“大过节的,上山散完步了,你们不也得赶紧回家去?”
卢克伍德对他们说道。
那三个人拍了下自己脑门,像是突然想起什么重要事情似的,然后扭头就朝着下山的方向快速走远。他们全都行色匆匆,在经过那辆已经被掀开伪装的骡车时,竟然连看都没看上一眼。
维斯科沃感觉长子在拉自己,他对着这个年轻人微微摇了摇头。
不该说的话,别说;不该做的事情,别做。在这片土地想要安生地活下去,这两点必须要时刻谨记。
他们保持了沉默,同时也像之前保证过的那样,加倍努力地将骡车连拉带推地给弄到了山顶上。
那座诺曼古堡废墟之中,立着一座小小的帐篷,大小看起来连容纳一个人都有些费劲。但是帐篷里似乎点着火炉,因为顶上伸出来一根烟囱,正往外冒着些热腾腾的烟气。
卢克伍德让维斯科沃父子把骡子车赶到帐篷里面去。
“他在开玩笑对吗?以为我们是乡巴佬,不知道什么叫帐篷。

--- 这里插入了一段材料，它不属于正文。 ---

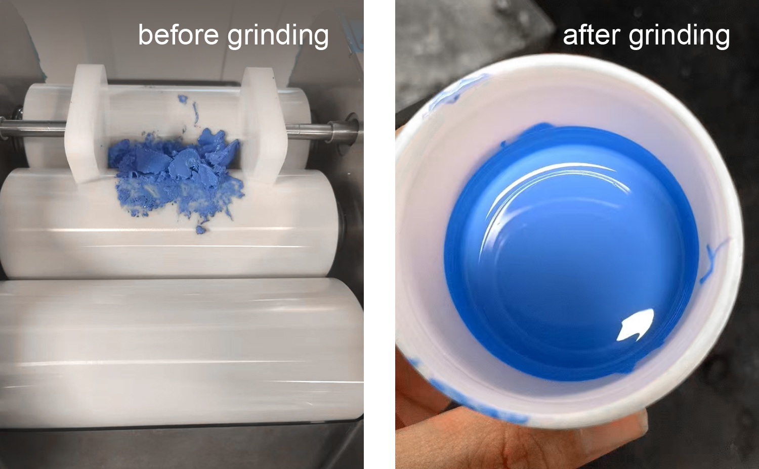 Test Objective: Achieve more uniform dispersion of the material and reduce the fineness to below 15μm through three-roll mill grinding.
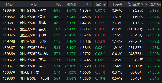 3月31日,市场早盘冲高回落,三大指数集体翻绿,创业板指跌超2%。受此带动,创业板50ETF华安(159949)跌2.53%,报1.505元,换手率3.96%,半日成交额8.25亿元,居同类标的ETF首位。
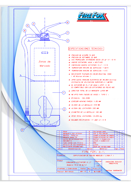 CONTENIDO AGENTE EXTINTOR: 9 LT - 5 %
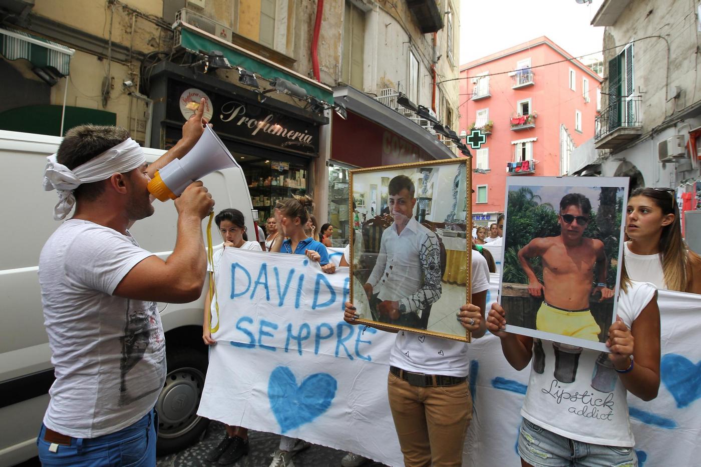 Il cugino di Davide, Gianni, si rivolge prima a lui invocando giustizia, poi chiede di “avere il carabiniere per un’ora”. L’ufficiale risponde che “questa non è giustizia”, che “ad accertare la verità ci penseranno i magistrati” e che “tutti noi siamo vicini alla famiglia nel dolore”. Prima di arrivare a Piazza del Gesù i manifestanti urlano “vergogna” passando davanti alla Questura, mentre a pochi metri di distanza il laboratorio occupato Ska espone uno striscione con la scritta ‘Davide ucciso a 17 anni, basta Rambo in divisa’.
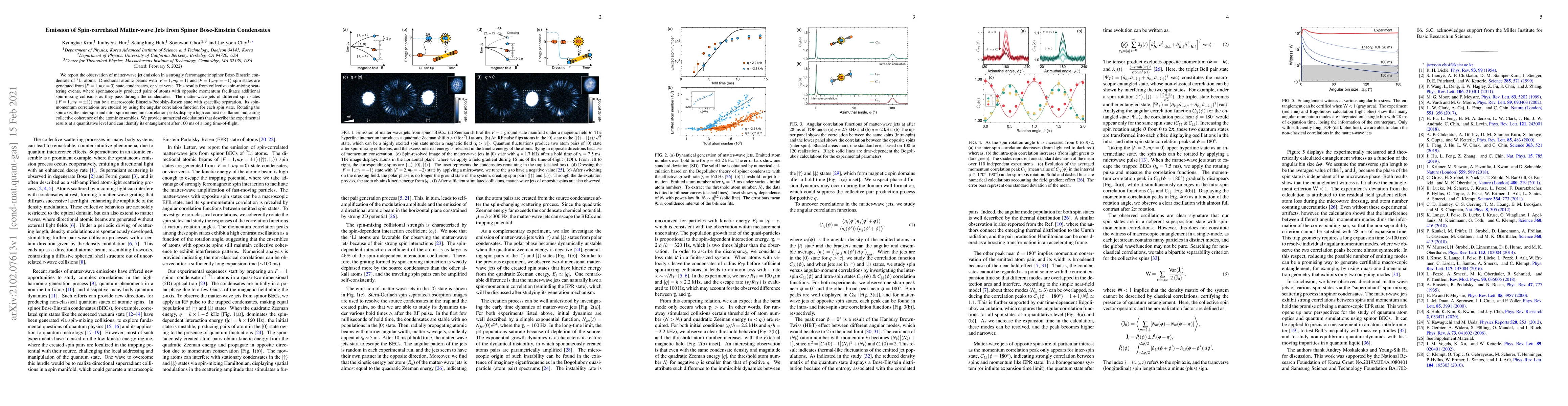 This paper reports the generation of spin-correlated matter-wave jets from a spinor Bose-Einstein condensate of $^7$Li atoms, revealing directional atomic beams with opposite spin states resulting from collective spin-mixing scattering. The study highlights the macroscopic coherence and entanglement of the emitted beams, confirmed through numerical calculations.
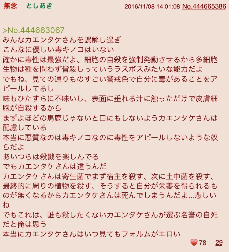 | … | 28626/01/18(日)15:53:12No.1393661486+なんでキノコってこんだけ強い毒持ってるんだろ? |

”小维斯科沃有些不满地对父亲嘟囔道。
维斯科沃也面露难色。
把骡车赶进一顶单人帐篷,这看起来又是一年特别奇怪的事情。
但或许是因为今天怪事见多了,所以他最后一咬牙一跺脚,干脆就拉起了骡子的笼头,一步步走向帐篷门口。
他走了进去。
他竟然真的走了进去!
小维斯科沃也跟着父亲,走进了这顶对角巷那家名为“血腥之旅”的旅行社,去年刚出品的豪华旅行帐篷。

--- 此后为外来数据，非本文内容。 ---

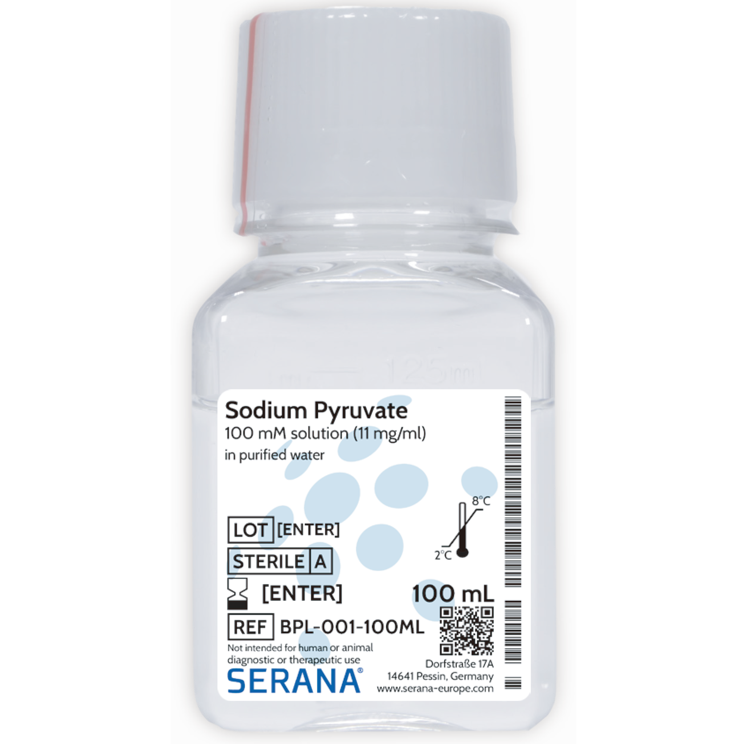 Sodium Pyruvate Solution (100 mM) 通常被添加到細胞培養基中,作為額外的能量來源。雖然培養基中已有葡萄糖(Glucose),但某些代謝旺盛或受損的細胞(如神經細胞或某些雜交瘤細胞)可能無法僅靠葡萄糖快速提供足夠能量。丙酮酸鈉可以直接進入線粒體,跳過醣解作用的前半段,直接參與能量生產。
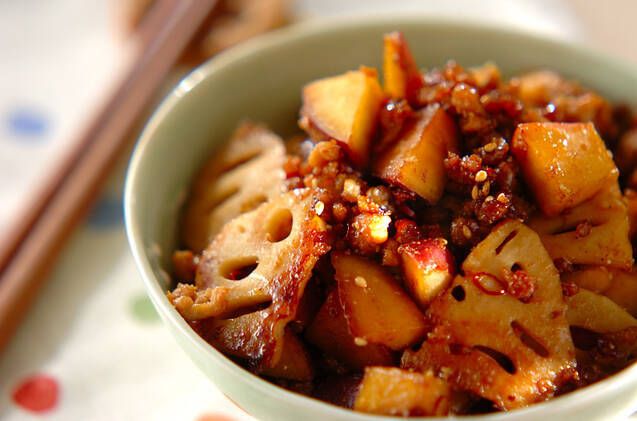 シャキシャキ食感のレンコンと、ほっこり甘いサツマイモに鶏ひき肉を加えて作る、絶品きんぴらです。食べ応えがあり、甘辛い味付けでごはんによく合います。

之所以说“豪华”,是因为这顶帐篷里面,居然隐藏了一幢房屋!
甚至,这座屋子还有个小院。
维斯科沃父子和骡车,现在就停在了小院里面,两个大男人你看我,我看你,他们都怀疑自己是在做梦。
“这是你们的尾款。”
刚刚一进帐篷就走进房间的卢克伍德,此时又拿着个钱袋子走了出来,把沉甸甸的银西可交给了维斯科沃。

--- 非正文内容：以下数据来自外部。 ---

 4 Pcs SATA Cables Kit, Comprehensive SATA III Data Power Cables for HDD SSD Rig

“根据《保密法》的规定,我必须也要对你们施展记忆魔法,让你们去掉这些不应存在的记忆。不过你们可以放心,就像之前那三个士兵一样,记忆魔法对你们身体不会有危害。”
“你是一位巫师吗,先生?”
明白了即将遭遇什么,维斯科沃似乎想要趁着最后这点时间,多满足一下自己的好奇。
“是的。”卢克伍德回答。
“那什么是《保密法》呢?”
“唔,这很复杂。不过,简单说的话,《保密法》就是防止普通人察觉到魔法和魔法界存在的一条魔法法律。”
维斯科沃突然福至心灵。
他用比诚恳更诚恳地语气,保证似地对卢克伍德说道:“每个西西里人,特别是这里的农夫,我们从小就好学会如何保守秘密。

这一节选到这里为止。